Chabon, Michael - Gentlemen of the Road
Mar. 12th, 2008 10:57 pmIn the darkest depths of the Middle Ages - ca. 950 C.E. - two extremely unlike adversaries clash violently in a caravansery. One is a skeletally gangly Western European, young, blond, and glum; the other is a sturdily built African, middle-aged, very dark, and worldly wise. In the aftermath of this confrontation, the two companions - for that is what they are - gain a potentially lucrative commission: deliver the heir of a disputed kingdom to his sorrowing family. But the youth in question has no intention of cooperating, and assassins paid by the winning side of this monarchial dispute are on his trail. Soon gloomy Zelikman and sardonic Amram are neck-deep in the politics of Khazaria, the mysterious Black Sea kingdom whose ruler converted all his people to Judaism with the aim of avoiding political entanglements with the Christians of Europe on one side and the emerging Islamic empire on the other.

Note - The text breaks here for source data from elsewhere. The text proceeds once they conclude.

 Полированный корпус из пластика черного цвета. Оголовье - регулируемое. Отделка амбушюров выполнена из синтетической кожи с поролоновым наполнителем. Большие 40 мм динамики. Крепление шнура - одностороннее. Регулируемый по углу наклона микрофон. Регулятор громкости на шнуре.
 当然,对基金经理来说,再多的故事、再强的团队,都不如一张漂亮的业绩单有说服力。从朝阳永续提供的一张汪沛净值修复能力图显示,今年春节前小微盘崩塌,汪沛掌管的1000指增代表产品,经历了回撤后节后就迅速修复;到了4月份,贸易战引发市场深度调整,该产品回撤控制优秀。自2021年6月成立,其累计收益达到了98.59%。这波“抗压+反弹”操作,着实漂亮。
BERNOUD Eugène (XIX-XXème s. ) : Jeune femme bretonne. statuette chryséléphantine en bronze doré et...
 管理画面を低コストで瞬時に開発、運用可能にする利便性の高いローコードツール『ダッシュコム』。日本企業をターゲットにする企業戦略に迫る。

Your mileage may vary on this book. A good deal of it is not terribly original, and the prose can wax extremely purple. Almost all the characters are male. Grisly things happen. And the ending is not very satisfying.

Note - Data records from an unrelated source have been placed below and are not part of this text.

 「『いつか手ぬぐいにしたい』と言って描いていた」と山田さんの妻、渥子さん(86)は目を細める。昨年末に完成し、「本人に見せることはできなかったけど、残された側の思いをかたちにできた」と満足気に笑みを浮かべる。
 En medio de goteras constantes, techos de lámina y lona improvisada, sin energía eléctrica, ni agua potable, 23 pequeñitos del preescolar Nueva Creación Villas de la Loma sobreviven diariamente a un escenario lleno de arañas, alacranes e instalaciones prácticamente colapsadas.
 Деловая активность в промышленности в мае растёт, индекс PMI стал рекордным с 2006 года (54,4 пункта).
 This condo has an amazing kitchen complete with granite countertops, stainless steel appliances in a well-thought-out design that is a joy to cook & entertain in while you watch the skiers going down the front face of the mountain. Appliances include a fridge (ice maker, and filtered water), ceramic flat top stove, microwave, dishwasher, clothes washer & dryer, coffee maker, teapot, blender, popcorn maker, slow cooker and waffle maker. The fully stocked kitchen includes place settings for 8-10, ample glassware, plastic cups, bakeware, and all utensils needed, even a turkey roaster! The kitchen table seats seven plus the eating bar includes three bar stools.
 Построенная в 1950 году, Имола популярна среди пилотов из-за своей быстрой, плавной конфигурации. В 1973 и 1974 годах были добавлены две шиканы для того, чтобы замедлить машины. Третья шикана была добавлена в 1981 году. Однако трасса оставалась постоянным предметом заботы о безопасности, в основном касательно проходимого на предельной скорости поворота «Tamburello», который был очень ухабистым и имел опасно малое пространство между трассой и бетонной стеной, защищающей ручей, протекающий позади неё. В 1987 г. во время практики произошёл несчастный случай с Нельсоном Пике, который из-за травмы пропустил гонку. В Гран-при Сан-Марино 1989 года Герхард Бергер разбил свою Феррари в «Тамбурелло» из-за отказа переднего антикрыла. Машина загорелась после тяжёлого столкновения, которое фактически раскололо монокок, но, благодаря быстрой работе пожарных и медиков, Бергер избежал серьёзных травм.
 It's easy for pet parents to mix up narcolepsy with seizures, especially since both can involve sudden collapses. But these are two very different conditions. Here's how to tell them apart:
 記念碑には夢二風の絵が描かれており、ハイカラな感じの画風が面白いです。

I loved it anyway. Reading it reminded me of my teen enjoyment of Fritz Leiber's Fafhrd and the Grey Mouser. I seemed to slip into the overwrought prose and manly camaraderie as though it were a well-broken-in pair of shoes: it was comfy, and it took me where I wanted to go. I mentioned this to my friend Kat, and she shrugged and said "Sometimes, familiarity breeds contentment."
One last factor in its favor (for me, anyway): in the afterword, which I also enjoyed, Chabon revealed that his own working title for this was "Jews with Swords" - for reasons that will become obvious by the end of the first chapter. Dude! I mean - Jews! With swords!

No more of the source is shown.